In Belgium protests were not taken up much in mainstream media, let alone internationally. While a few banks and a police station were seriously trashed, there were few other confrontations. One interesting sight was some Brits in black with those lovely Socialist Workers Party bandanas having a go at a few Mercedes. Well, they aren't all bad.

The Belgian and Brussels governments and police went to an enormous effort to look like they are the mister cools of handling big summits, so they can be in charge of hosting all the EU summits in a year or two. This is now likely to happen, and it was the message the media followed. While the brutal images of Göteborg and Genoa did lead to some representations of the ideas behind the protests in the media, without violence, content isn't very interesting for most editors.

However, effectively penetrating a summit's 'red zone' is becoming nearly impossible unless you manage to airdrop in unseen (or mysteriously all have security passes, like the 60 people who disturbed the climate conference in The Hague in 2000). Not being represented by the media makes stopping the work of corporate lobby groups an attractive strategy. After lobbyists were stalked in The Hague in October last year Paris also saw lobby buster action at the inauguration of Business Action for Sustainable Development (BASD)*. In Belgium, the year before the summit the European Round Table of Industrialists (ERT) was occupied. The Barcelona EU summit in April 2002 saw a whole day of proper lobby busting activity as affinity groups roamed the city having a go at various headquarters.

While you can equally doubt the legitimacy of national governments and the EU, corporates do not (yet) have a crate of tear gas grenades behind the reception desk.

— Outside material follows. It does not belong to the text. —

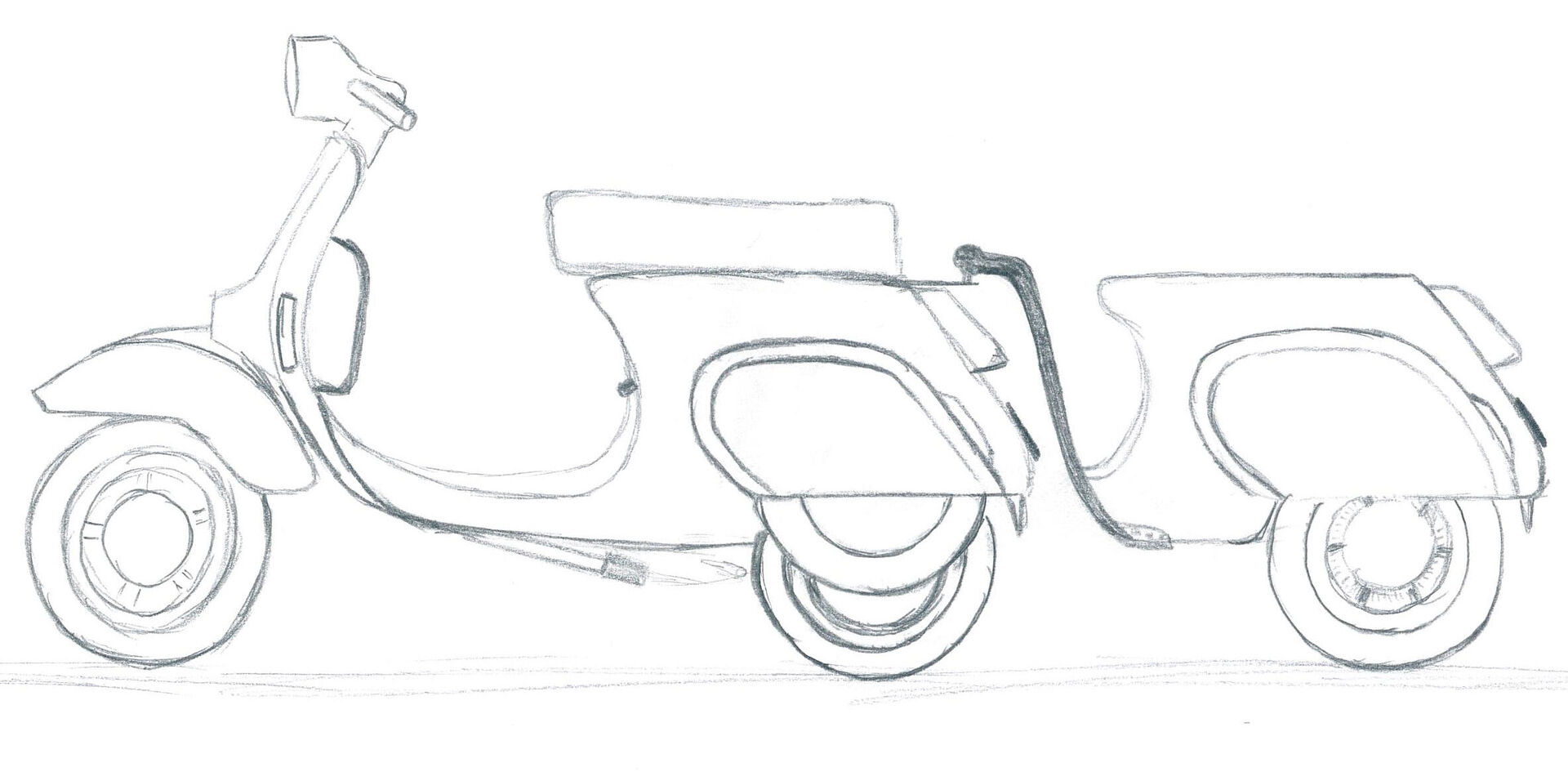 Da ich meine Vespa derzeit für so ziemlich alle Alltagserledigungen nutze, auch zum Einkaufen, kam mir der Gedanke, für das gute Stück einen Anhänger zu entwerfen. Da ich aber niemals so n Baumarktanhänger dranhängen würde, muss etwas her, was optisch mit der Vespa harmoniert.

So if you have a conference haunting your town, who are ya gonna call...

Some interesting links:

www.anarchy.be - portal for libertarian Belgium
www.bruxxel.org - Bruxxel coalition
www.groenfront.nl/english - eco-activism across the Channel
www.aseed.net/cefic-action - backgrounds on CEFIC

* The BASD is a joint effort by the International Chamber of Commerce (ICC) and the World Business Council for Sustainable Development (WBCSD) to undermine any binding regulations at the Earth Summit taking part in Johannesburg, August/September 2002. Their slogan is, take a deep breath here it comes: people, planet, profit! Web: www.basd-action.net. It is not yet clear when they will be naming their events with letters and numbers.